Just a bit later I had to touch my very good friend Lester Michaels, a fine young fellow who had been a star football player on our company team, and a good piano player who entertained us when such an instrument was available. He went walking past me in Fismes, bent well over. “Keep down, Mike,” I said. “There’s a sniper shooting through here.”
Just then Mike fell, with a look of astonishment on his face. “What’s the matter, Mike?” I asked.
He replied: “They’ve got me,” shook a few times and lay dead upon his face with his legs spread apart – shot through the heart.
He lay there for more than a day. There was a terriﬁc battle on and we had no chance to help the wounded – certainly not the dead. I was running short of ammunition and I needed the cartridges in Mike’s belt. I tried to unfasten his belt, but I could not reach it.
Finally I had to turn him completely over.
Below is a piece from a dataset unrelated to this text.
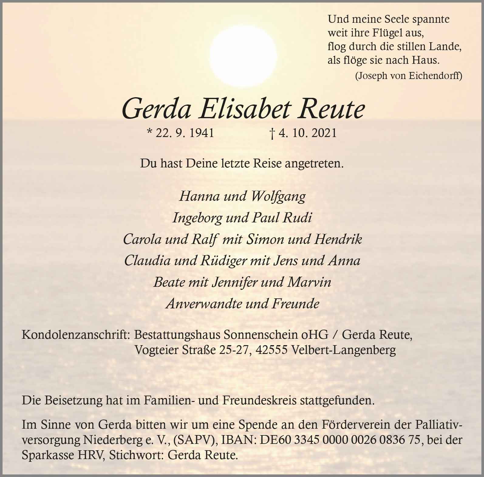 Gerda Elisabet Reute † 4. 10. 2021

It was quite an effort owing to the spread-eagle manner in which he lay. His body was hard and cold, and I saw his dead face – difficult to describe the feeling I had. But necessity demanded that I unloosen his belt and take his ammunition and still later his identification tag. After the war I heard from his relatives who wanted to know exactly how he had died.
There are many people who sought this information. They liked to know whether the soldier was killed by shell fire, whether while fighting hand to hand, while running to the attack, or in some phase of defensive work. It was hard to touch these dead men at first.
My people at home, hearing of what I was passing through, expected me to come back hard, brutal, callous, careless. But I didn’t even want to take a dead mouse out of a trap when I was home. Yet over there I buried 78 men one morning.
I didn’t dig the holes for them, of course, but I did take their personal belongings from them to return to their people – their rings, trinkets, letters and identification tags. They were shot up in a great variety of ways, and it was not pleasant, but I managed to eat my quota of bread and meat when it came up, with no opportunity to wash my hands.